This quantity comprises 27 contributions to the Forth Russian-German complex examine Workshop on Computational technology and excessive functionality Computing provided in October 2009 in Freiburg, Germany. The workshop was once prepared together via the excessive functionality Computing heart Stuttgart (HLRS), the Institute of Computational applied sciences of the Siberian department of the Russian Academy of Sciences (ICT SB RAS) and the element of utilized arithmetic of the college of Freiburg (IAM Freiburg) The contributions variety from laptop technology, arithmetic and excessive functionality computing to purposes in mechanical and aerospace engineering. They exhibit a wealth of theoretical paintings and simulation adventure with a possible of bringing jointly theoretical mathematical modelling and utilization of excessive functionality computing structures offering the state-of-the-art of computational technologies.

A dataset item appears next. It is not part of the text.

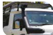
70 SERIES - 011SAT0169G (Snorkel body) 70 SERIES - 011AIR0169G (Air ram)

A register-file with 128 registers of 128 bit width holds the vector operands. Two instructions are issued per clock cycle and executed in order. Four single precision floating point multiply-add instructions may be handled per cycle. 2 GHz processor is around 200 GFLOP/s. The single precision units deliver results rounded to zero restricting their usability. The SPEs IEEE double precision performance of aggregated 26 GFLOP/s ˘ Zs ´ PCs peak performance. The is by far less but still four times more than todayâA main memory bandwidth peak performance relation of 1 B/FLOP is a reasonable value for double precision results.

Phys. Eng. Sci. 455, 3107–3128 (1999) 6. : Flooding and drying in discontinuous Galerkin finite-element discretizations of shallow-water equations. Part 1: One dimension. J. Sci. Comput. 22-23, 47–82 (2005) 7. : Finite-volume model for shallow-water flooding of arbitrary topography. J. Hydraul. Eng. 128, 289–298 (2002) 8. : A wetting and drying treatment for the Runge-Kutta discontinuous Galerkin solution to the shallow water equations. Comput. Methods Appl. Mech. Engrg. 198, 1548–1562 (2009) 9.

The PowerPC processor allows for two hardware threads and operates in order. In order suppresses the ability of reordering instructions at run time for better filling the pipelines but simplifies the architecture and allows for higher frequencies. The burden for the compiler is higher as is seen for the IA64 processors. M. Resch and U. Küster The Altivec/VMX vector part of the PowerPC allows for relatively high single precision floating point performance. Instruction and data L1-caches have 32 KB.